Quantcast
Viewing all articles
Browse latest Browse all 251

Rishi Sunak set to invite China to new global AI research body

LONDON — China will be invited to join a new global AI research body which Rishi Sunak hopes to establish at next month’s summit at Bletchley Park, a U.K. official involved in discussions has told POLITICO.

According to a draft communiqué, Sunak is seeking backing for a global network of AI safety researchers that will support policy making across the world. Britain wants the network to pull on existing research to produce an annual report that will be written by an expert panel chaired by an academic from outside the U.K.

“It is proposed this network should be an informal and inclusive arrangement for supporting bilateral, plurilateral and multilateral research collaboration … it will not make policy or regulatory recommendations, but we hope its outputs can help inform both international and domestic policy-making in this space,” reads the draft document, dated October 16.

Britain is aiming to get backing from a broad range of countries for the network ahead of its AI safety summit on November 1 and 2, including the United States, European Union and China. The new network will be different from existing research initiatives, such as the Franco-Canadian led Global Partnership on Artificial Intelligence (GPAI), because it will involve Chinese participation. 

“We’re keen to engage with China on scientific collaboration. They’re not part of GPAI and we’d like to fill that gap,” said the U.K. official quoted above. They were granted anonymity to discuss multilateral discussions.

“Nothing has been agreed,” said a spokesperson for the U.K. government. “Discussions at the AI Safety Summit will involve exploring areas for international collaboration on frontier AI safety and research.
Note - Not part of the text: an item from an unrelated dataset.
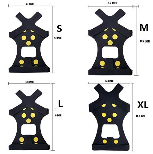 X-Large (US WOMEN:13-16/ US MEN:11-14). Package: 1 Pair How to use: 1. Carefully fasten the grabbers to your shoes, starting with the large sizes are required if wearing over winter footware. 2. We suggest that the grabbers are used only on snow or ice to prevent wear to the studs. 3. Always clean the grabbers with a dry cloth after using. Store the grabbers in a cool and dry place, out of direct sunlight Feature

There are different ways to do this, which we’ll continue to discuss with partners and industry.”

Britain has invited the Chinese minister for science and technology Wang Zhigang to the summit, said a second U.K. official who was granted anonymity as they were not authorized to speak publicly.

Frictions loom over talks

The new research network will be distinct from the “AI Safety Institute” that Britain will pitch at the summit as a body that will inspect and assess the national security risks associated with the most advanced forms of the emerging technology. 
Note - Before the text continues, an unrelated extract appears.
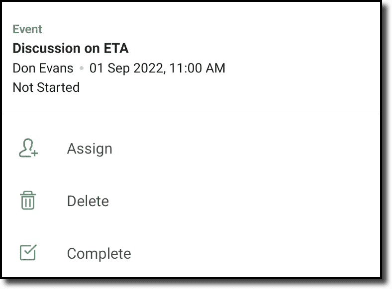 - 対象の活動の欄で左にスワイプし、操作メニューを表示します。以下のいずれかの操作を実行できます。

The Rishi Sunak government will discuss the institute on the second day of the summit, which will only involve like-minded countries — so not China — and a smaller group of companies, such as DeepMind, OpenAI and Anthropic, that produce the most advanced forms of AI. 

The new network, however, forms part of a communiqué outlining the risks and opportunities of AI that Britain is seeking broad backing for, including from rivals like the U.S. and China. 

Details of the broad-based research network emerge as China launched its own “Global AI Governance Initiative” this week. Chinese officials warned about the risks of AI falling into non-state actor hands, the need to develop human-centric AI and how to assess the technology, indicating areas of convergence with the West on high-level principles.

“This has the potential to show clearer lines on what the West and China can work on together on AI,” Sihao Huang, an AI governance expert at Oxford University. “I think there is room for collaboration.” 

But the Chinese proposal also sketches out areas of potential friction with the West on AI. 

Pitching itself as sticking up for the little guy, Beijing says that “all countries, regardless of their size, strength, or social system, should have equal rights to develop and use AI,” that AI tech should be made available to the public under “open-source terms.” 

In a nod to tightening U.S. curbs of exports of the microchips vital for AI development to China, the document says it opposes “creating barriers and disrupting the global AI supply chain through technological monopolies and unilateral coercive measures.”